Given records:
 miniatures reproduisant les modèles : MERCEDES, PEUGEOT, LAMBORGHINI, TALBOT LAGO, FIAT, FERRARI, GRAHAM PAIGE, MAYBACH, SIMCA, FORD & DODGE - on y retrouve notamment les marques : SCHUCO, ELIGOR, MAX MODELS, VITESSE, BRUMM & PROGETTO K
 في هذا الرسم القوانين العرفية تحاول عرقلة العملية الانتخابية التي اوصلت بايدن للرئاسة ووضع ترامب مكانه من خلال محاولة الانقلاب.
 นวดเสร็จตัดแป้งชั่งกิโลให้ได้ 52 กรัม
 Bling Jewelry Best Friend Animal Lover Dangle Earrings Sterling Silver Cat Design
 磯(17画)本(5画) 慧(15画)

---

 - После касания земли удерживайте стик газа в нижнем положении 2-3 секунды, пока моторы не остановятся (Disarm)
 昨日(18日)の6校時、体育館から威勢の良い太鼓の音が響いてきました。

Task details:
Could you transcribe the entries above word for word, from the line with "miniatures reproduisant les" down to the line with "في هذا الرسم", keeping both?

Your solution:
 miniatures reproduisant les modèles : MERCEDES, PEUGEOT, LAMBORGHINI, TALBOT LAGO, FIAT, FERRARI, GRAHAM PAIGE, MAYBACH, SIMCA, FORD & DODGE - on y retrouve notamment les marques : SCHUCO, ELIGOR, MAX MODELS, VITESSE, BRUMM & PROGETTO K
 في هذا الرسم القوانين العرفية تحاول عرقلة العملية الانتخابية التي اوصلت بايدن للرئاسة ووضع ترامب مكانه من خلال محاولة الانقلاب.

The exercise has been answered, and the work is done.